Quick Start Guide

This guide will walk you through the basics of using Propshaft in a new Rails application.

1. Create a New Rails App

Start by creating a new Rails 7+ application, specifying propshaft as the asset pipeline.

rails new propshaft_demo -a propshaft
cd propshaft_demo

2. Create an Asset

Let's create a simple CSS file to style our application. Propshaft looks for assets in app/assets by default.

Create a new file app/assets/stylesheets/application.css:

/* app/assets/stylesheets/application.css */
body {
  background-color: #f0f0f0;
  font-family: sans-serif;
  text-align: center;
}

h1 {
  color: #333;
}

3. Include the Asset in Your View

Propshaft integrates with Rails' standard view helpers. Open the main layout file app/views/layouts/application.html.erb and use the stylesheet_link_tag to include your new stylesheet.

<!DOCTYPE html>
<html>
  <head>
    <title>PropshaftDemo</title>
    <meta name="viewport" content="width=device-width,initial-scale=1">
    <%= csrf_meta_tags %>
    <%= csp_meta_tag %>

    <%= stylesheet_link_tag "application" %>
  </head>

  <body>
    <h1>Welcome to Propshaft!</h1>
    <%= yield %>
  </body>
</html>

4. Start the Development Server

In development, Propshaft serves assets dynamically.
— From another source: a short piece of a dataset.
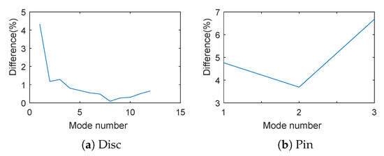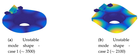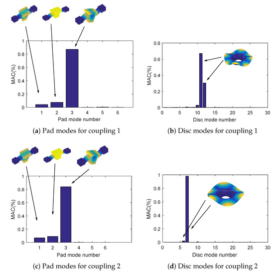 In order to find the contributions of free-interface normal modes in these unstable complex modes, the Normalized Modal Assurance Criterion (MAC) [40] between free-interface normal modes and these unstable complex modes is calculated. The expression of the MAC used here is given by Equation (6) in which is the unstable complex mode and is a free-interface normal mode. The axial dominant movement with no nodal circle for the disc and rotational movement for the pin contribute the most to these unstable frequencies as shown in Figure 7.

Start the Rails server:

./bin/dev

Navigate to http://localhost:3000. You should see your welcome message with the styles from application.css applied.

If you inspect the page source, you'll see a link to the stylesheet:

<link rel="stylesheet" href="/assets/application-d368d998.css" />

Even in development, Propshaft uses a digest for caching purposes, but it serves the file directly from the source without needing a precompilation step.

5. Precompiling for Production

In a production environment, you'll want to precompile your assets. This process copies all assets to public/assets, stamps them with a digest, and creates a .manifest.json file for mapping.

Run the precompile task:

rails assets:precompile

This will generate the production-ready assets in public/assets. When you run your application in the production environment, Rails will use these static, digested files, which is ideal for performance and caching.

That's it! You've successfully set up and used Propshaft to manage and serve a basic asset.